Lorie singles chronology
| "Sur un air latino" (2003) | "Week End" (2003) | "La Positive Attitude" (2004) |

Music video
- "Week End" on YouTube

= Week End (Lorie song) =

"Week End" is a song recorded in 2003 by the French singer Lorie. It was released on 15 December 2003 as the first single from Lorie's third studio album, Attitudes, on which it features as second track. The song was a great success in the countries where it was released, becoming a top ten hit.

==Song information==
The text was Pierre Billon and Johnny Williams, and the latter also composed the music. The music video, an Outsider Music, was directed by Vincent Egret and shot in Tignes, France. It shows the singer and some of her friends playing in the snow.

The song was performed during Lorie's tours Ween End Tour and Live Tour 2006. It was thus included on the live album Week End Tour (14th track) and on Live Tour 2006 (fifth track). It features also on Lorie's 2004 best of (eighth track).

==Chart performance==
In France, "Week End" went straight to number two on 14 December 2003 and stayed there for three consecutive weeks, being unable to dislodge the Star Academy 3's "L'Orange" which topped the chart, then it dropped slowly on the chart, totaling ten weeks in the Top 10, 17 weeks in the Top 50 and 22 weeks in the Top 100. It was certified Gold disc by the Syndicat National de l'Édition Phonographique, and featured at number 64 (with only three weeks on the chart) and 32 on the Annual Charts of 2003 and 2004. As of July 2014, it was the 98th best-selling single of the 21st century in France, with 310,000 units sold.

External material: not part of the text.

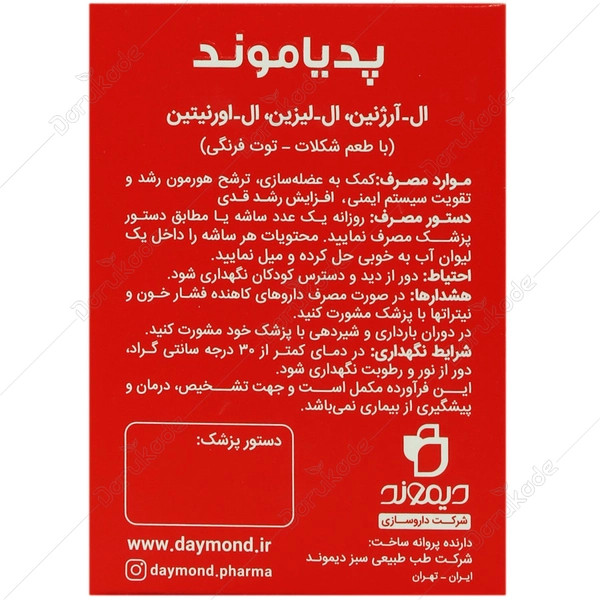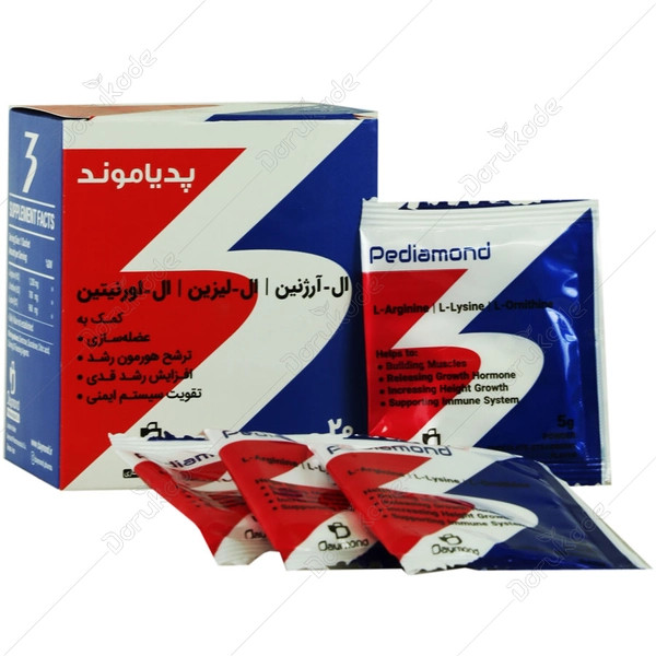 پودر پدیاموند، یک مکمل تغذیهای است که جهت کمک به بهبود عملکرد سیستم ایمنی، ساخت ماهیچه، آزادسازی هورمون رشد و افزایش قد فرموله شده است. پودر پدیاموند دارای آمینو اسیدهای ال آرژنین، ال لیزین و ال اورنیتین است. پدیاموند توسط شرکت طب طبیعی سبز دیموند، در ایران تولید میشود. این مکمل به فرم دارویی پودر بوده و در جعبه مقوایی به تعداد 20 ساشه به بازار عرضه میشود. پودر پدیاموند، با طعم دلپذیر توت فرنگی با شکلات موجود است.

"Week End" entered the Belgian (Wallonia) at number 12 on 27 December 2003, reached a peak of number 6 for four non-consecutive weeks and remained for seven weeks in the Top 10 and 18 weeks in the top 40. It was the 40th best-selling single of 2004 in this country. In Switzerland, the single was a Top 10 hit from its debut on the chart, starting at number eight on 4 January 2004, featured for 11 weeks in the Top 50, and 14 weeks in the Top 100. It was the 75th best-selling single of the year in the country.

==Track listings==
- CD single
1. "Week End" — 4:02
2. "Week End" (instrumental) — 4:02

- CD maxi
3. "Week End" — 4:02
4. "Con sabor latino" — 3:41
5. "Week End" (instrumental) — 4:02

- Digital download
6. "Week End" — 4:02
7. "Week End" (2004 live version) — 5:39
8. "Week End" (2006 live version) — 4:08

==Charts==

===Weekly charts===

Weekly charts for "Week-end"
| Chart (2003–2004) | Peak position |
|---|---|
| Belgium (Ultratop 50 Wallonia) | 6 |
| Europe (European Hot 100 Singles) | 5 |
| France (SNEP) | 2 |
| Switzerland (Schweizer Hitparade) | 8 |

===Year-end charts===

Year-end charts for "Week-end"
| Chart (2003) | Position |
|---|---|
| France (SNEP) | 64 |

| Chart (2004) | Position |
|---|---|
| Belgium (Ultratop 50 Wallonia) | 40 |
| France (SNEP) | 32 |
| Switzerland (Singles Chart) | 75 |

==Certifications==

Certifications for "Week End"
| Region | Certification | Certified units/sales |
| France (SNEP) | Gold | 250,000^{*} |
^{*} Sales figures based on certification alone.